* _Exercise_
Starting at the line below with "植物爱好者保护协会和Flow" and stopping at the line with "다우오피스가 엄선하여 소개해 드린 업무 자료조사 15곳, 유익하셨나요?", please print each line exactly, those two included, and skip every picture.

* _Dataset_
*-*-*
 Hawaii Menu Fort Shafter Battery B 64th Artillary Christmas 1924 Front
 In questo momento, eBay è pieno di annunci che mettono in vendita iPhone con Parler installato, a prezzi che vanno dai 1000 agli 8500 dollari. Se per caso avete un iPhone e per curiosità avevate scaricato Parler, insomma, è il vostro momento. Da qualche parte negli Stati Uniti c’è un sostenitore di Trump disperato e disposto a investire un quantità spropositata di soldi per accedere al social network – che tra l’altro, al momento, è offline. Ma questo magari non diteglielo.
*-*-*
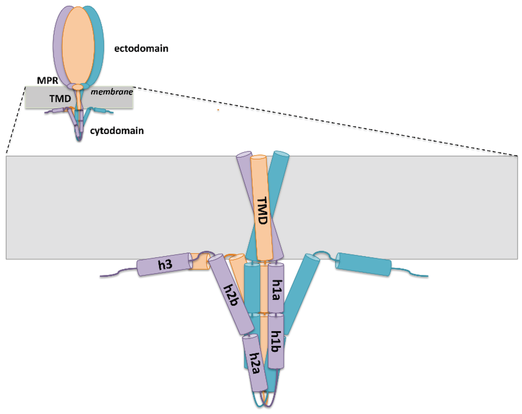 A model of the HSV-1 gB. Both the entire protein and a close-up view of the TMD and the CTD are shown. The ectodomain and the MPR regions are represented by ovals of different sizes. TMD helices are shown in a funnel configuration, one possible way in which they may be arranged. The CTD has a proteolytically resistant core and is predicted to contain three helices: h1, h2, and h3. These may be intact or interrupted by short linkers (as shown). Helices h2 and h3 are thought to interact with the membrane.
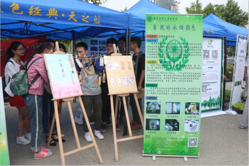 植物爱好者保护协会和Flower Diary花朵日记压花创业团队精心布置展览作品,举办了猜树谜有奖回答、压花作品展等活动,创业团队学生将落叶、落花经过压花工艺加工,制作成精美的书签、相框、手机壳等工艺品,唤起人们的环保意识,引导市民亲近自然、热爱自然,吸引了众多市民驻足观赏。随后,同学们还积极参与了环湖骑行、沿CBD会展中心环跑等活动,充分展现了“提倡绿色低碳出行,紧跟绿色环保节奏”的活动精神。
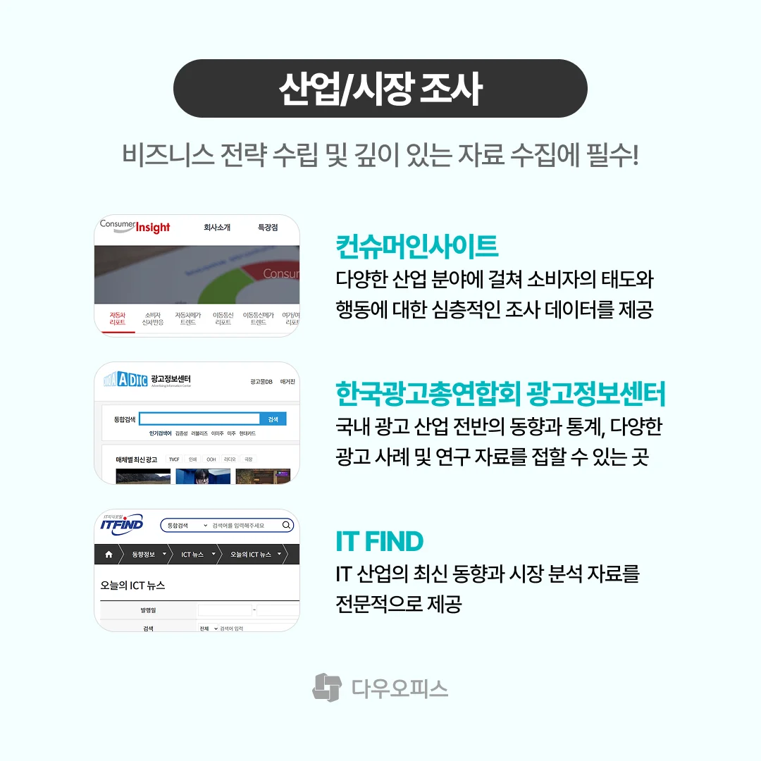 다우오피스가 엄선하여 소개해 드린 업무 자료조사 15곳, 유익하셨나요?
*-*-*
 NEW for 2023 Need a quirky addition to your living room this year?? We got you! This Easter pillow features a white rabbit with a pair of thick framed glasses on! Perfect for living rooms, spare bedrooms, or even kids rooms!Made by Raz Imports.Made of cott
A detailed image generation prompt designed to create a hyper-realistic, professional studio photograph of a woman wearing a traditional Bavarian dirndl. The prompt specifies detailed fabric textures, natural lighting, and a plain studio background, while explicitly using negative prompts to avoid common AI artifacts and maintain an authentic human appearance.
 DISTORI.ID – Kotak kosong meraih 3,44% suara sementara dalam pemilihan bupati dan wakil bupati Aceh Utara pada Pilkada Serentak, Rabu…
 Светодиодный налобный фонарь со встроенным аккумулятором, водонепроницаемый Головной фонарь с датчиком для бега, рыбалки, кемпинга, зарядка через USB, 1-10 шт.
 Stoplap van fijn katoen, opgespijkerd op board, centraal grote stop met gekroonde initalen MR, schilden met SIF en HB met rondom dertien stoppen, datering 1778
*-*-*
* _Exercise response_
 植物爱好者保护协会和Flower Diary花朵日记压花创业团队精心布置展览作品,举办了猜树谜有奖回答、压花作品展等活动,创业团队学生将落叶、落花经过压花工艺加工,制作成精美的书签、相框、手机壳等工艺品,唤起人们的环保意识,引导市民亲近自然、热爱自然,吸引了众多市民驻足观赏。随后,同学们还积极参与了环湖骑行、沿CBD会展中心环跑等活动,充分展现了“提倡绿色低碳出行,紧跟绿色环保节奏”的活动精神。
 다우오피스가 엄선하여 소개해 드린 업무 자료조사 15곳, 유익하셨나요?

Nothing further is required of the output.